A: We operationalize them! (textbook p.25)
My favorite description of an excellent operational definition is this:
You have done a good job of operationalizing a variable when two independent observes can agree that the phenomenon of interest did or did not occur.
Think about it…two independent observers might not agree whether a class is “easy” or “hard” by looking at the syllabus.
And they might agree about the number of hours students report studying, the average grade earned in the class, the ‘difficulty rating’ that a large number of students give to the class.
We ‘operationalize’ a variable by describing it in a way that can be measured and agreed upon by anyone applying the same measure.
Another example…
Suppose you want to study problem drinking…two independent observers might not agree on whether a person “drinks too much.” And they can agree on the amount of alcohol consumed per occasion, day, week or month, or on blood alcohol level. And we can operationalize problem drinking as consuming more than 10 drinks per week, or by having a blood alcohol over .08
Operationalizing a variable allows us to observe constructs that we cannot measure directly.
And operationalizing is only the beginning -- we also must determine if our measures are valid and reliable
Validity
quick instructor comment -- most textbooks discuss reliability first and then validity --- this is because a measure that is not reliable can never be valid; and in order to be valid, a measure MUST be reliable...so reliabilityis considered first.
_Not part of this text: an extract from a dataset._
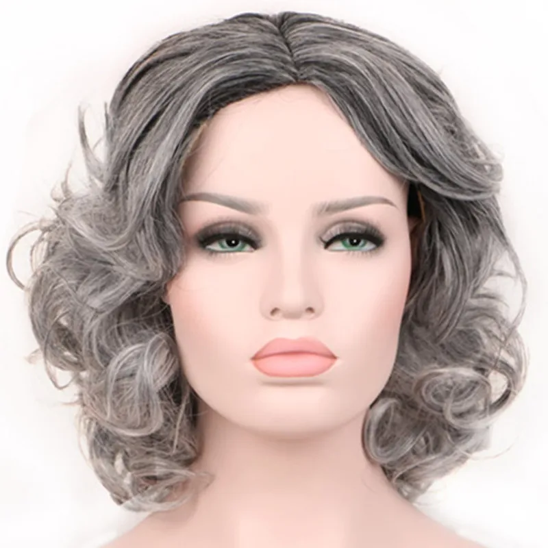 ORIGINAL WoodFestival Grey Black Short Wigs for Women Heat Resistant Hair Cosplay Synthetic Wig Curly

Your textbook covers validity first, so it will also be considered first here.
Your measure demonstrates validity if it measures what it purports to measure
There are several types of validity (textbook pp. 77 – 84)
Face validity
technically, it is not truly a measure of validity, and the name has stuck…A face valid measure looks like it measures what it claims to measure.
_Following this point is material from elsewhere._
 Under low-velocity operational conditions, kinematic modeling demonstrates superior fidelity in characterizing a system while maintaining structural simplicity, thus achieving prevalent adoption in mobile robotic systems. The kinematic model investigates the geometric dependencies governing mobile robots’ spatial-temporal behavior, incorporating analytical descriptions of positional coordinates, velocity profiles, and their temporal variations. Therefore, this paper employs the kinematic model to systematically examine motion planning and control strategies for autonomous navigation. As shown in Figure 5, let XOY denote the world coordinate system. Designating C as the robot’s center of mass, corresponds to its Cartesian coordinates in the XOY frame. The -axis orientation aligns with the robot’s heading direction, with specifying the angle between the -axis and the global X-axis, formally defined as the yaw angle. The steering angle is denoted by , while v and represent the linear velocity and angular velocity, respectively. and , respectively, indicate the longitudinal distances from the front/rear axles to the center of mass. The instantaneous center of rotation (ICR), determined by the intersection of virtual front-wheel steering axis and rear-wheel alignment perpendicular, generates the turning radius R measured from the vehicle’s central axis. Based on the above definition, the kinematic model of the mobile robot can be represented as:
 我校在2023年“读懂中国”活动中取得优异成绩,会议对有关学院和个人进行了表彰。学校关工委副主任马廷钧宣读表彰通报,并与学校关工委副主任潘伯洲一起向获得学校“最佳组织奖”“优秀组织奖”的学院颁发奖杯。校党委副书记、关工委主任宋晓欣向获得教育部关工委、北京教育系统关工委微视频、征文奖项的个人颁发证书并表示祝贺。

Suppose a measure consisted of four questions:
1. Who is Minerva McGonagall?
2. What is the relationship between Harry Potter and Serius Black?
3. Name one of the co-founders of Hogwarts.
4. Which of the following is NOT a member of the Order of the Phoenix? Sturgis Podmore, Arabella Figg, Tom Riddle?
This measure would have poor face validity as a measure of intelligence, and high face validity as a measure of knowledge about characters in the Harry Potter Series.
Concurrent validity
Are scores obtained on the measure consistent with already established measuresof the same construct? For example, are scores on my new measure of adult intelligence consistent with scores on the WAIS-IV?
Predictive Validity
The mesausre predicts behavior, for instance, the score on a paper and pencil measire of extraversion predicts behavior in a social setting. The scores on a placement exam predict performance in school or at work.
Construct Validity
measurement of a variable is associated with the same behavior we would predict according to theory. For instance, we would expect a valid measure of depression to predict depressive behavor such as crying, and deomonstrating chages in appetite and sleep.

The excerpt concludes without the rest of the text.